Let’s take a box of cereal such as corn flakes, and a loaf of whole wheat bread. What is the value of the corn in corn flakes, and the wheat in a loaf of bread? If the box of cereal is 18 ounces, and the entire 18 ounces was corn, the value of corn in that 18-ounce box at the farm level went from seven cents ($3.50 a bushel) at 2010 prices to 13 cents ($6.50 a bushel) in 2011. (The corn in a 56-pound bushel will be enough for 50 18-ounce boxes of corn flakes). What about that loaf of bread? If it is 16 ounces, and the entire loaf is made of wheat, the value of that wheat went from 7½ cents ($4.50 a bushel) at 2010 prices to 14 cents ($8.50 a bushel) at 2011 prices. (The wheat in a 60-pound bushel will be enough to make 60 loaves of bread).
Yes, the price of the unprocessed farm ingredients in many grocery store products has doubled.

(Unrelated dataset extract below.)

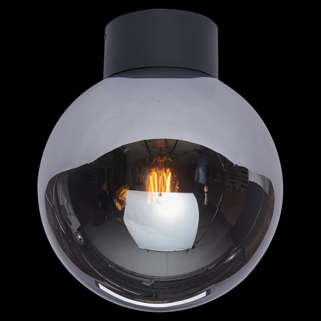 Dekorativ taklampe i røykfarget glass.

But, as you can see, the raw farm ingredients are a very small portion of the price reflected at the retail level. At today’s prices, a $3 box of Corn Flakes would have 13 cents worth of corn, and a $3 loaf of bread would have 14 cents worth of wheat.
As far as meat, the price per pound at the farm level has increased approximately 10 cents a pound for pork and 20 cents a pound for beef. This equates to a 20-percent increase in prices, comparing February 2010 to February 2011. Pigs and cattle will yield roughly 50 percent in meat after processing. For instance, a 250-pound pig will yield 125 pounds of meat, and a 1,200-pound steer will yield 600 pounds of meat. If a farmer receives 50 cents a pound for a pig sold at the sale barn, the equivalent value of the meat is $1 per pound. The same applies to cattle. If the price for a steer is $1.10 a pound at the market, the farm value of the meat is actually $2.20 a pound.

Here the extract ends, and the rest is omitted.